→ TASK ITEM:
Retype exactly the lines from the one that contains "Buddy Guy amerikai" through the end of the listing, both included, but not the pictures.

→ MATERIAL PROVIDED:
================================
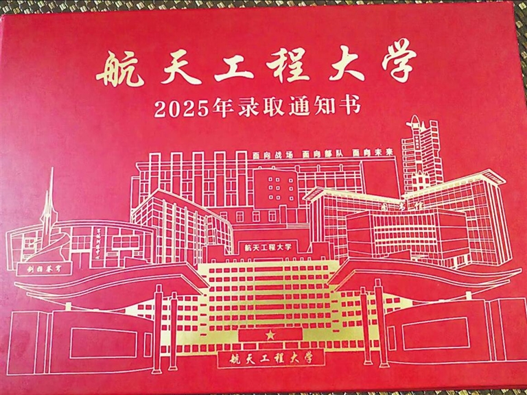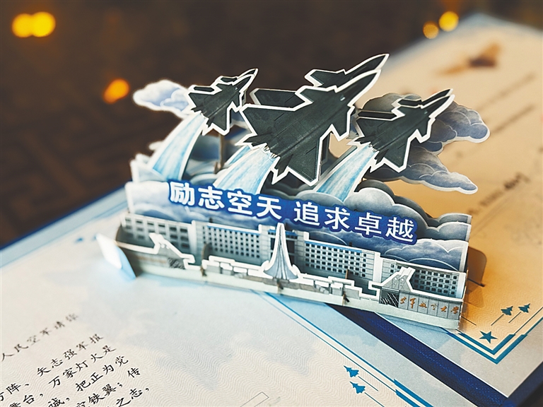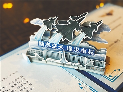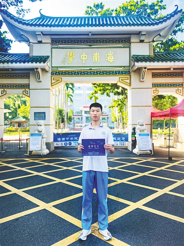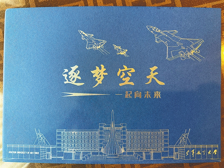 海南中学高三毕业生韩相举的手机里,珍藏着一张意义非凡的照片。照片中,他身穿校服站在海南中学校门前,手捧中国人民解放军空军航空大学的录取通知书:“逐梦空天·一起向未来”等烫金字体印在深蓝色的封面上,熠熠生辉;内页的战机立体图设计精美,气势恢宏。
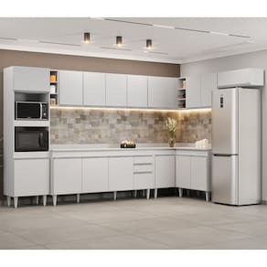 Conteúdo da Embalagem: 1 Balcão 180cm, 1 Tampo 180cm, 1 Armário Aéreo 160cm, 1 Armário Aéreo 70cm, 1 Armário Aéreo 80cm, 1 Balcão 80cm, 1 Nicho, 1 Balcão de canto, 1 Armário Aéreo de Canto, 1 Paneleiro.
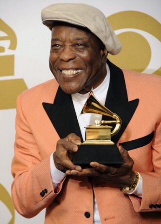 Buddy Guy amerikai bluesgitáros és -énekes a gramofonszobrocskáját fogja - Fotó: MTI
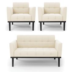Sofá Namoradeira E 2 Poltronas Base De Madeira Preto Elisa Veludo D03 - D'rossi Cor Preto
================================
→ OUTPUT BELOW:
 Buddy Guy amerikai bluesgitáros és -énekes a gramofonszobrocskáját fogja - Fotó: MTI
Sofá Namoradeira E 2 Poltronas Base De Madeira Preto Elisa Veludo D03 - D'rossi Cor Preto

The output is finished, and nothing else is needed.